In effect this was what was done following the economic crash of 2008. The point I am trying to make is what is called 'magic money tree' economics is not 'fantasy' as it is often portrayed. It is just a mechanism for redistribution. The redistribution can be to banks as was the case in essence with QE following that crisis but there is no economic / mechanical reason why the redistribution could not / can not be to 'those with most need as a result of the virus'. There is only political limits on doing that.
Pretty much apples and oranges.

The worry in 2008 is that the banks would go bust if there was a bank run. Bank runs are caused by a lack of confidence, eg if I don't get my money out today then it will be gone. If that happens every bank in the world at any time will go under.
So you have to show confidence, we the government will guarantee that your money will be safe; look here oodles of money. So the public relax, no bank run and crisis aborted.
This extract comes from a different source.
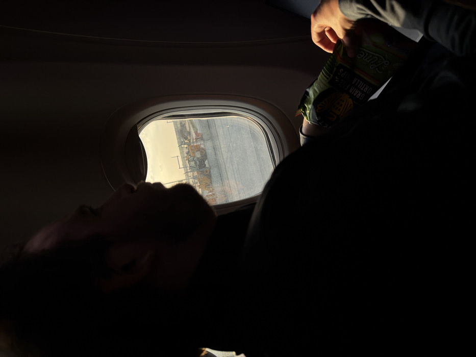 - "An interior airplane cabin scene shows a single individual seated beside an oval window, primarily in silhouette, facing right and looking out" by FM-FIUtB3, licensed under CC BY 4.0
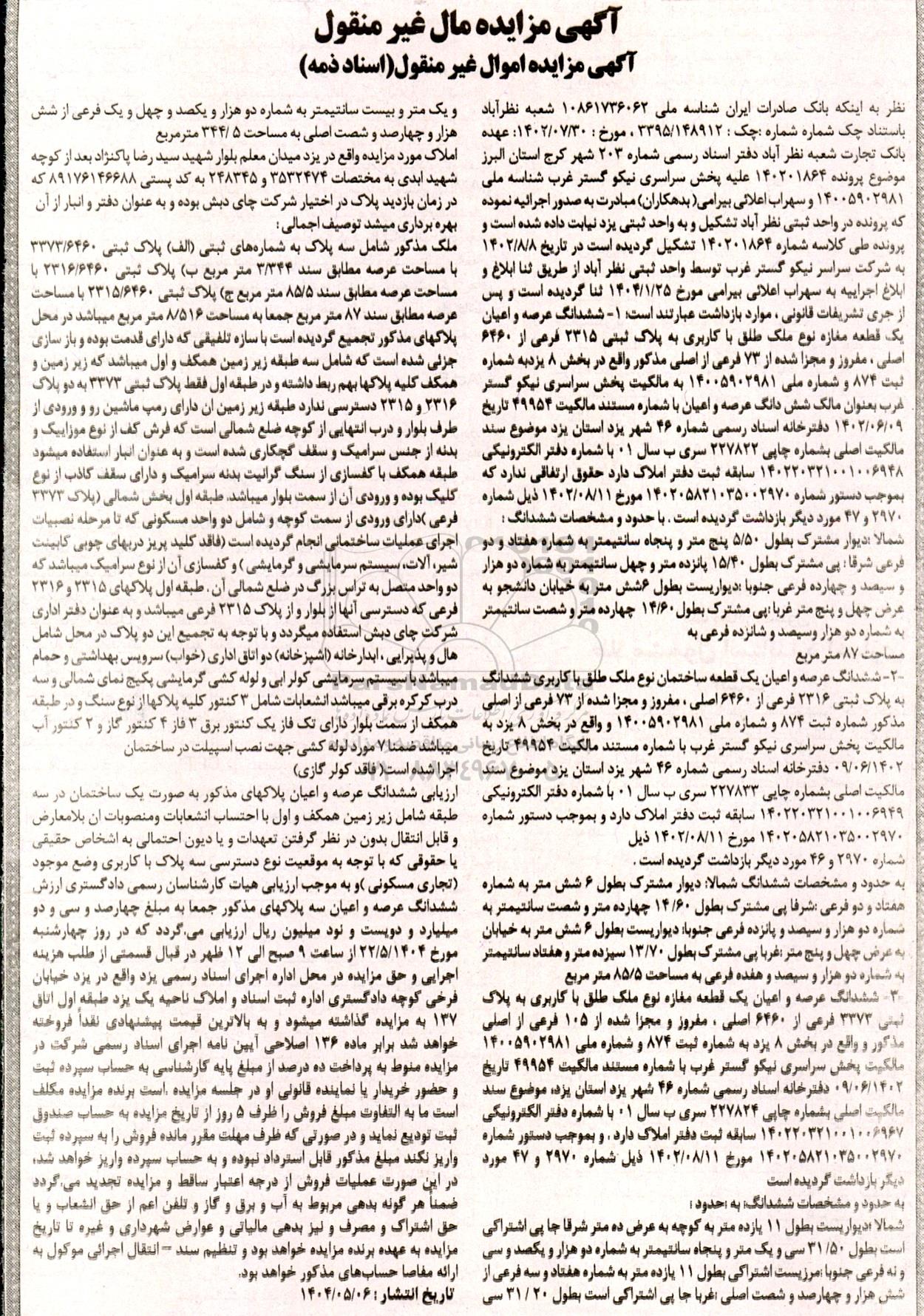 تمام آگهی ها طبق نمونه تصویر آگهی صرفا جهت اطلاع رسانی می باشد در خصوص استفاده از این آگهی هر گونه مسئولیت پرداخت به آگهی دهنده و بررسی و احراز هویت به عهده شرکت کنندگان می باشد و پایگاه خبری پارس نماد هیچگونه منفعت و مسئولیتی بابت تعهد این آگهی ندارد.

Or you can print up loads of money, say look you youngsters to reward you for your vote have some free internet. Government takes on a monopoly they can't run and burns through billions of pounds. Successful companies can't compete with free so they go skint and their workers have no jobs.
Eventually the free internet is very expensive internet because the government can't keep supporting the failing industry and its a monopoly so what can you do but pay?

BTW I think the fashionable thing is we will print government bonds now. Like they don't have to be repaid!